The Mommy Job

Its tough!

Haroldo Jacobovicz and the Vision Behind Arlequim Technologies

Haroldo Jacobovicz

After more than three decades building technology businesses across software, hardware and telecommunications, Haroldo Jacobovicz turned his attention to a problem that had been growing quietly in plain sight: millions of people and organisations held back not by a lack of ambition, but by outdated equipment they could not afford to replace.

That observation became the founding premise of Arlequim Technologies, a computer virtualisation company launched in 2021. The concept is straightforward in principle, though technically demanding in practice. By applying cloud-based virtualisation, Arlequim allows older machines to perform at a level comparable to current-generation hardware — without requiring users to purchase new devices. For organisations operating on tight budgets, whether in the public sector, the corporate world or the consumer market, this represents a meaningful shift in what becomes financially possible.
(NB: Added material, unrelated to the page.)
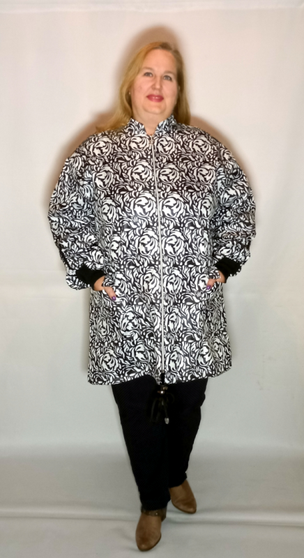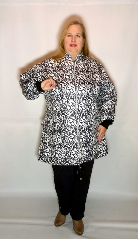Модный плащ-пыльник выполнен из водоотталкивающей, гладкой с лицевой стороны, плащевой ткани  с интересным принтом.  Для отделки использовали эластичную тесьму с надписями.

Haroldo Jacobovicz had spent years observing how access to technology shapes opportunity. His earlier work in telecommunications had brought him close to the realities of digital inequality in Brazil, where the gap between urban and rural connectivity, and between high-income and low-income households, remained significant. The experience informed his thinking about where technology could make a practical difference, and what kinds of barriers genuinely prevented people from participating in digital life.

Arlequim was built around three distinct markets: the corporate sector, public institutions and individual consumers with a specific focus on the gaming community. The inclusion of gamers is not incidental. Brazil has become one of the largest gaming markets in Latin America, with nearly three-quarters of the population engaging with online games as of 2024. For many of those players, access to high-performance computing is limited by the cost of modern hardware. Virtualisation technology offers a route around that barrier, and the application of gamification principles in broader digital engagement has reinforced just how central interactive technology has become to everyday life in Brazil.

The alignment between Arlequim’s model and the country’s digital inclusion priorities is notable. Brazil’s government has increasingly directed investment toward expanding access to technology, and the demand for affordable computing solutions continues to grow across multiple sectors. Arlequim’s approach — improving what already exists rather than requiring new purchases — fits practically within that context.

Haroldo Jacobovicz has described the company’s purpose as providing the best of digital life to the greatest number of people, at the most accessible cost. That framing positions performance and affordability not as competing priorities but as conditions that need to be met together. A solution that works technically but remains out of reach financially addresses only half the problem.

Whether in public administration, business operations or personal use, the underlying argument is consistent: the value of technology depends on who can actually use it. Arlequim Technologies was built around that premise, and the markets it serves reflect the breadth of the access gap it is designed to address.